* [How to complete this task] The task calls for the lines from the start of the entries below through the line with "实际上这笔4000万的债务,已经不是什么", given again verbatim, with every picture dropped.

Collection entries:

+-------+

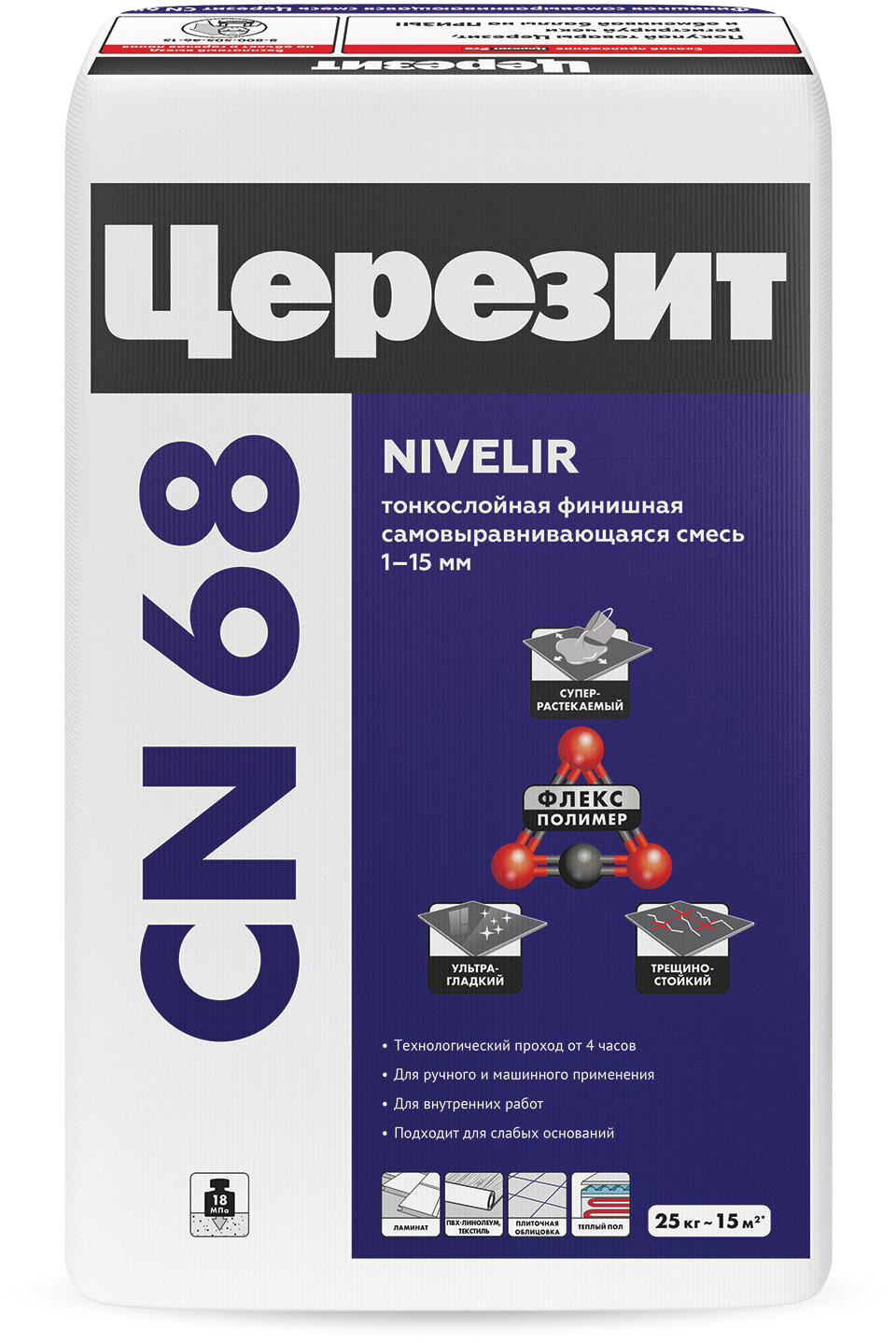 Церезит CN-68 финишный самовыравнивающий пол (25кг) / CERESIT CN68 тонкослойная самовыравнивающаяся смесь (25кг)
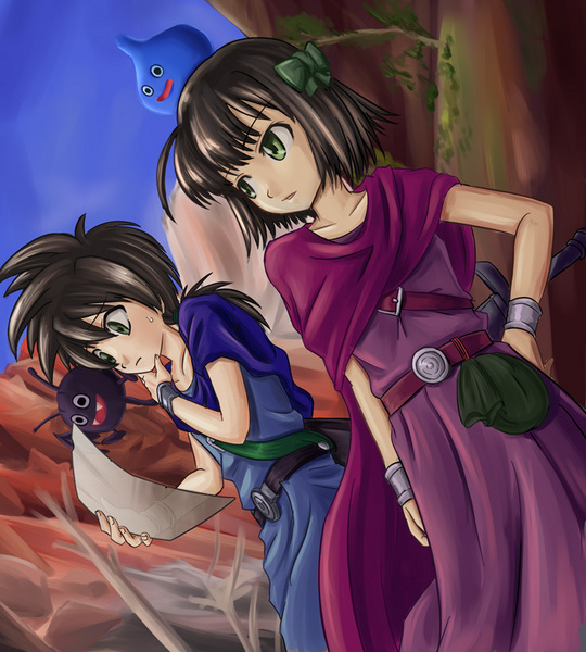 1boy1girlblack hairbowbrother and sistercapegreen eyeshair bowshort hairsiblingsslime (creature)swordweapon
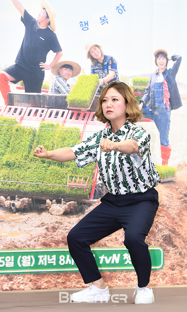 방송인 김숙이 25일 오후 서울 마포구 상암동 스탠포드호텔에서 열린 tvN 새 예능 ‘풀 뜯어먹는 소리’ 제작발표회에 참석해 포즈를 취하고 있다.
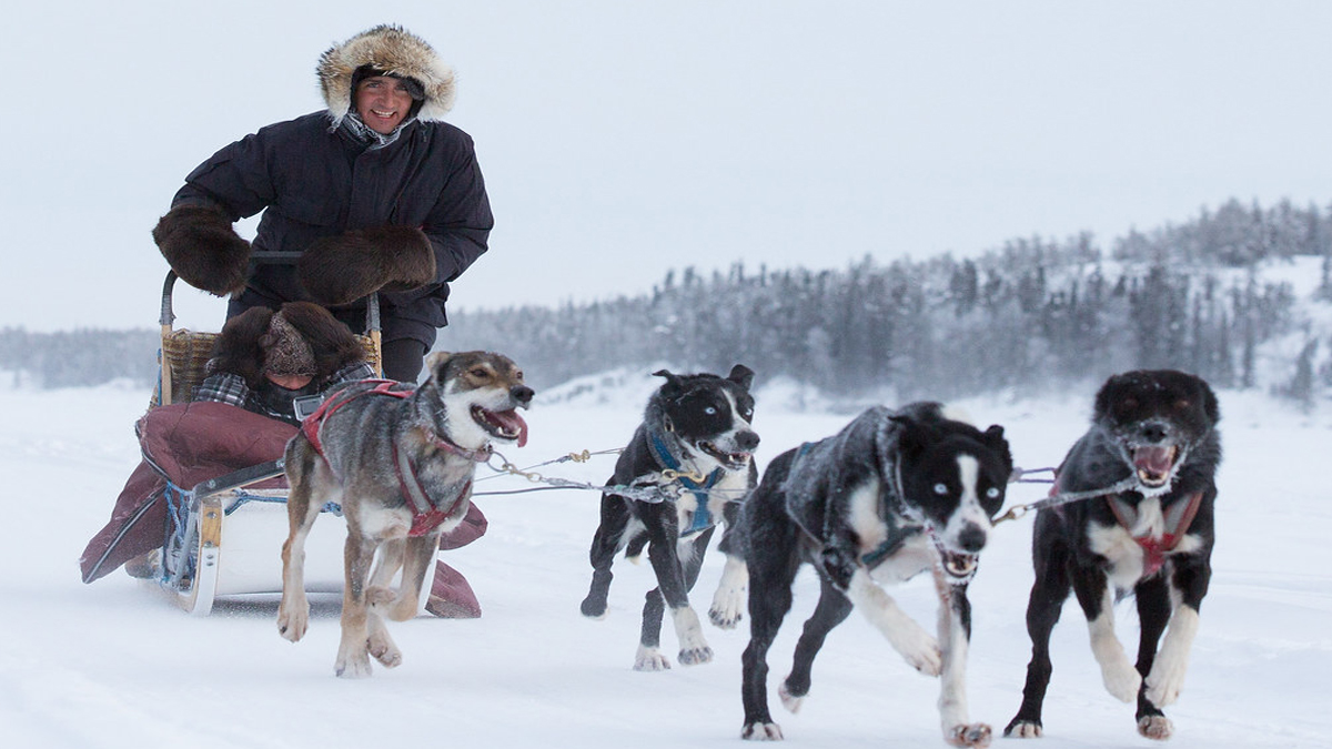 কুকুরের টানা স্লেজ গাড়ি চালাচ্ছেন জাস্টিন ট্রুডো। ছবি: মন্ট্রিল গেজেট।
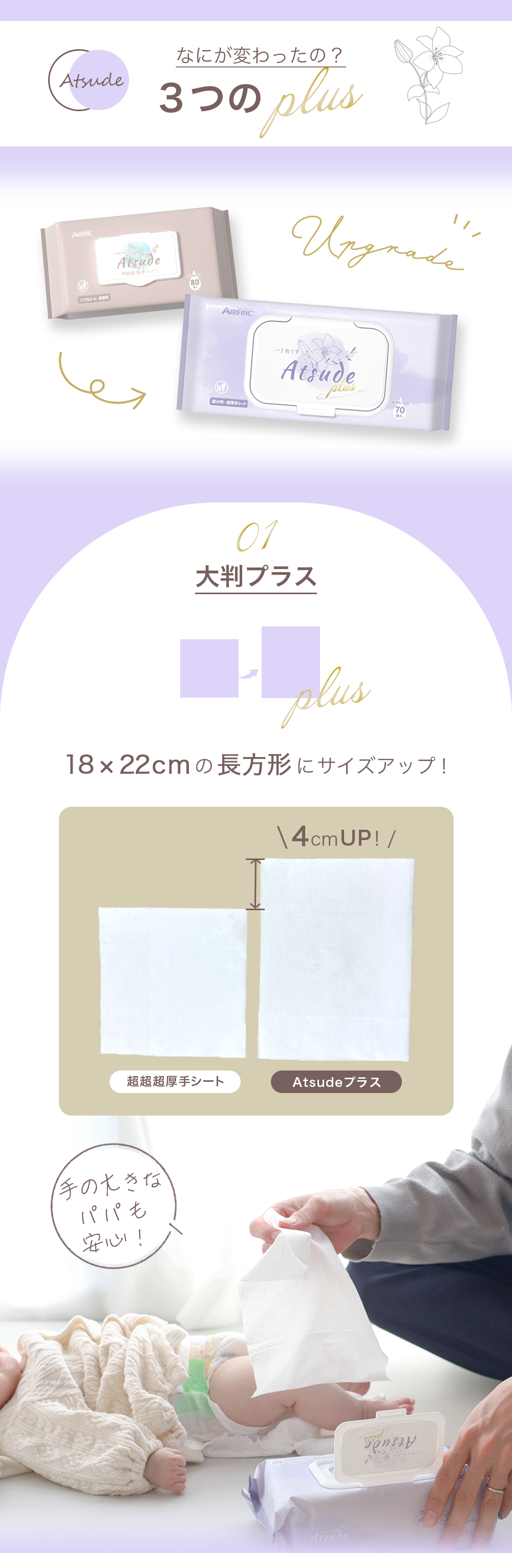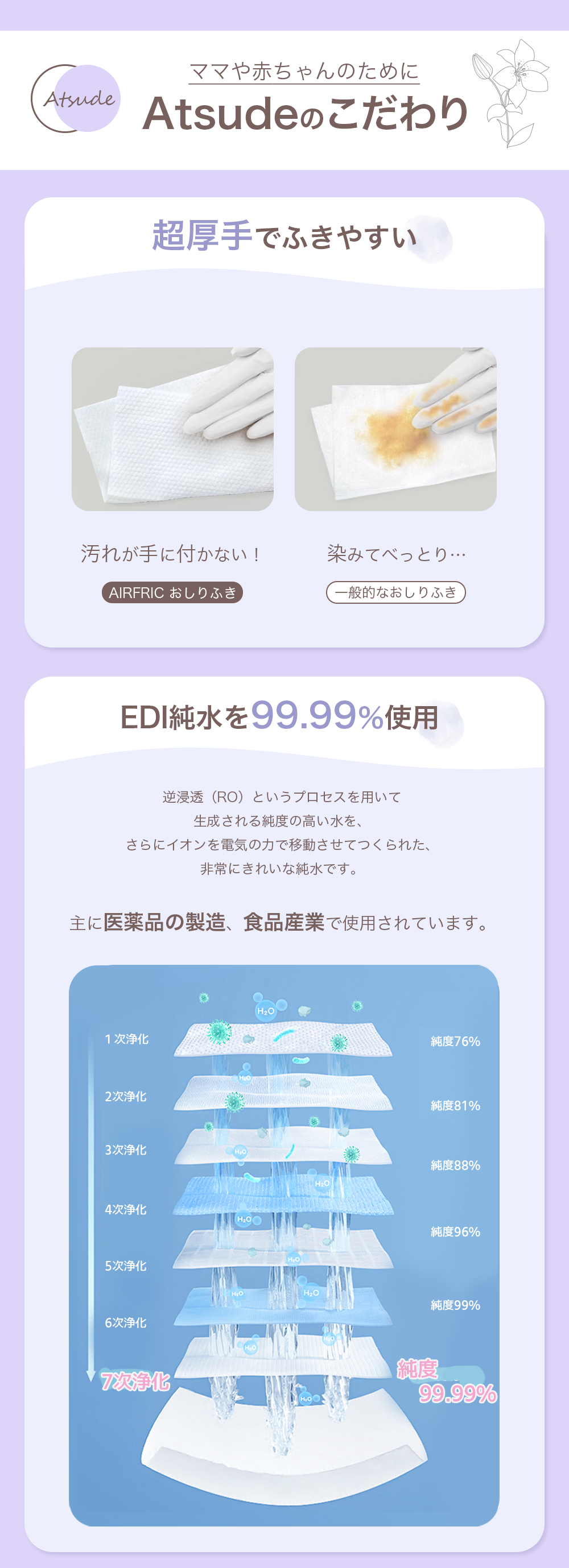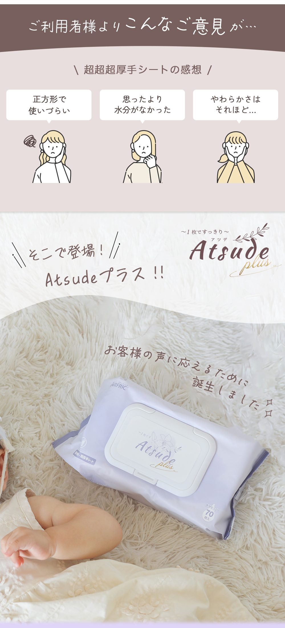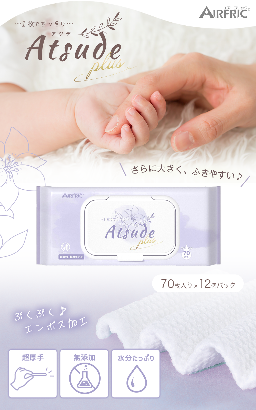 AIRFRIC おしりふき 厚手 無添加 無香料 ノンアルコール 蓋つき 大判 赤ちゃん ベビー 大容量 おしり拭き Atsude 70枚×12個 WT007
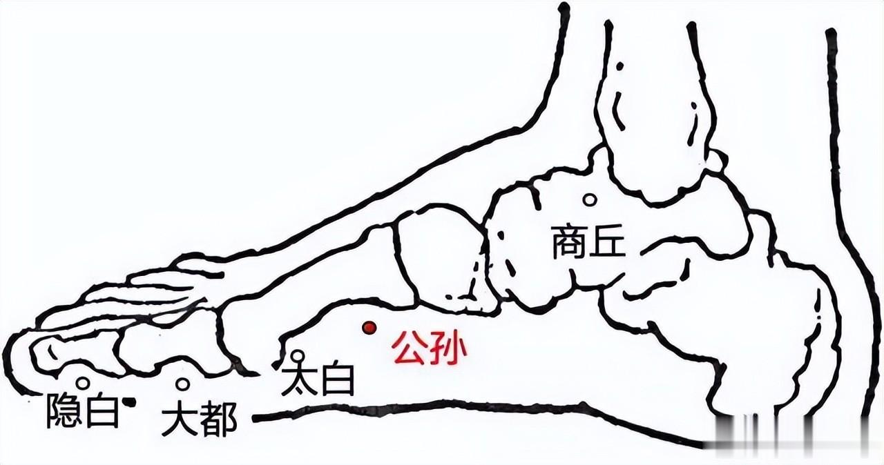 ①公孙穴,在足内侧缘,当第1跖骨底的前下方,赤白肉际处。足太阴之络穴,八脉交会穴之一,通冲脉。布有隐神经及腓浅神经分支,足背静脉网及跗内侧动脉。主治胃痛,呕吐,肠鸣,腹痛,泄泻,痢疾,腹胀,食不化,脚气等。直刺0.6—1.2寸。
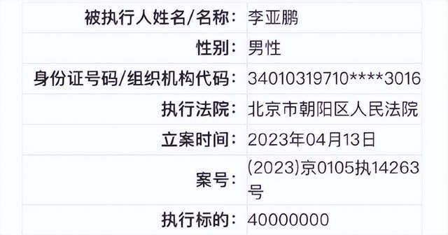 实际上这笔4000万的债务,已经不是什么新闻了,但凡稍微了解此事的人应该都很清楚,这笔债务并非李亚鹏个人债务,因为涉及到了公司,以及他的哥哥李亚炜。
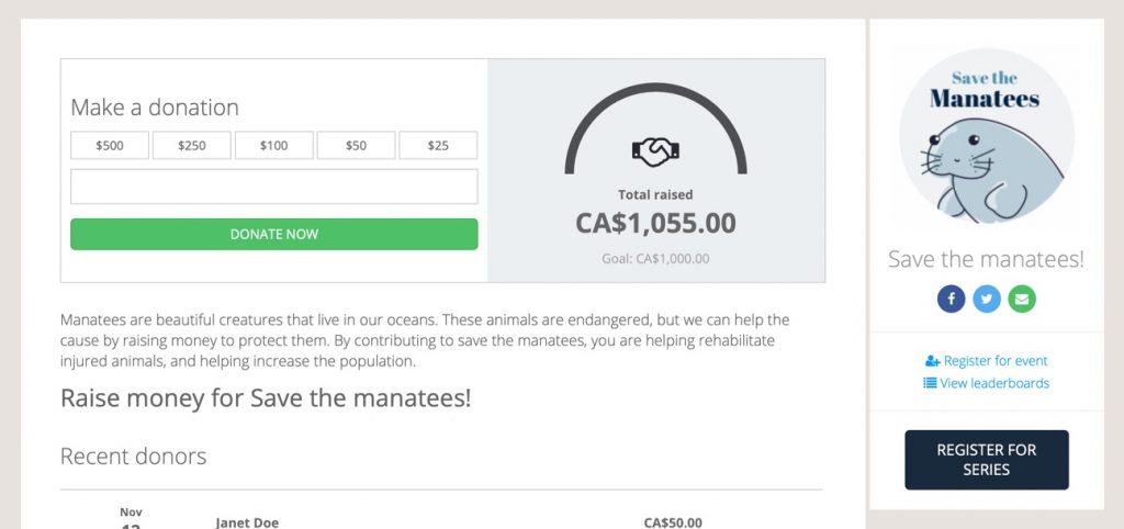 - Fundraising leaderboard for individuals and teams
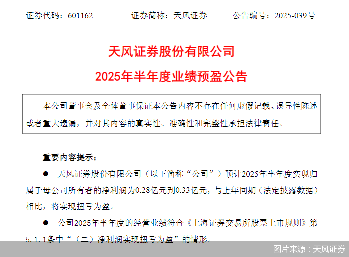天风证券:预计上半年归母净利润为0.28亿—0.33亿元,同比将扭亏为盈
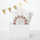 Un élégant mémorial funéraire célébration de la vie faveur sac avec une couronne de fruits colorés.
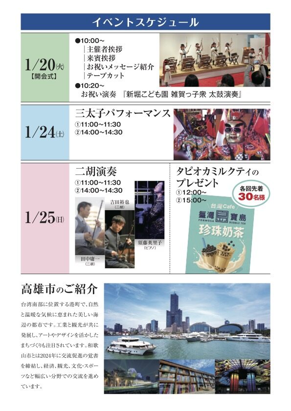 さらに25日の日曜日には二胡の演奏など、台湾文化に触れられる催しが行われます。
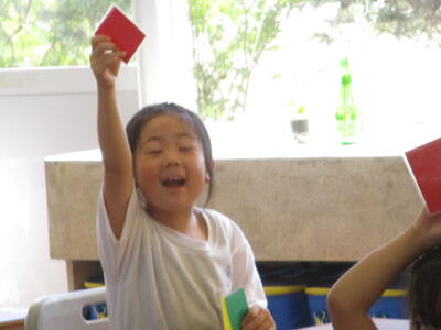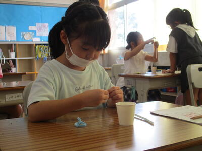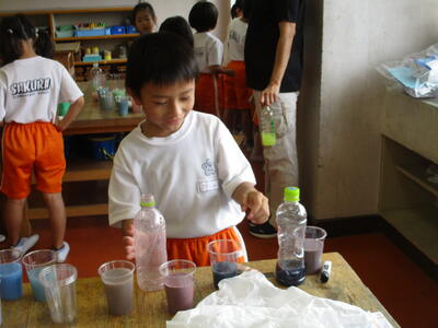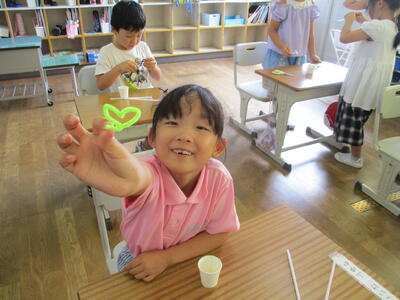 子どもたちは、透明なものが光を通して鮮やかになるのに驚いたり、友達に見せたり、楽しく活動に取り組みました。
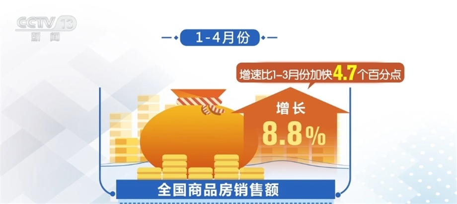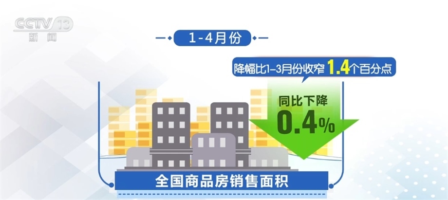 從銷售看,隨著政策效應(yīng)逐步顯現(xiàn),以及前期疫情積累的需求釋放,1—4月份,全國商品房銷售面積同比下降0.4%,降幅比1—3月份收窄1.4個(gè)百分點(diǎn)。銷售額增長8.8%,增速比1—3月份加快4.7個(gè)百分點(diǎn)。
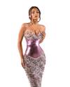 This stunning evening gown is a captivating fusion of modern glamour and classic elegance. The dress features a strapless sweetheart neckline that beautifully enhances the décolletage, while the structured metallic corset in a lustrous pink hue cinches the waist, creating a breathtaking hourglass silhouette. The bodice flows seamlessly into a floor-length mermaid skirt, adorned with iridescent sequins and embellished floral appliqués that shimmer with every movement. The intricate detailing gives the illusion of sculpted scales, evoking a mesmerizing mermaid-inspired aesthetic.

+-------+

* [Output for this exercise]
 Церезит CN-68 финишный самовыравнивающий пол (25кг) / CERESIT CN68 тонкослойная самовыравнивающаяся смесь (25кг)
 1boy1girlblack hairbowbrother and sistercapegreen eyeshair bowshort hairsiblingsslime (creature)swordweapon
 방송인 김숙이 25일 오후 서울 마포구 상암동 스탠포드호텔에서 열린 tvN 새 예능 ‘풀 뜯어먹는 소리’ 제작발표회에 참석해 포즈를 취하고 있다.
 কুকুরের টানা স্লেজ গাড়ি চালাচ্ছেন জাস্টিন ট্রুডো। ছবি: মন্ট্রিল গেজেট।
 AIRFRIC おしりふき 厚手 無添加 無香料 ノンアルコール 蓋つき 大判 赤ちゃん ベビー 大容量 おしり拭き Atsude 70枚×12個 WT007
 ①公孙穴,在足内侧缘,当第1跖骨底的前下方,赤白肉际处。足太阴之络穴,八脉交会穴之一,通冲脉。布有隐神经及腓浅神经分支,足背静脉网及跗内侧动脉。主治胃痛,呕吐,肠鸣,腹痛,泄泻,痢疾,腹胀,食不化,脚气等。直刺0.6—1.2寸。
 实际上这笔4000万的债务,已经不是什么新闻了,但凡稍微了解此事的人应该都很清楚,这笔债务并非李亚鹏个人债务,因为涉及到了公司,以及他的哥哥李亚炜。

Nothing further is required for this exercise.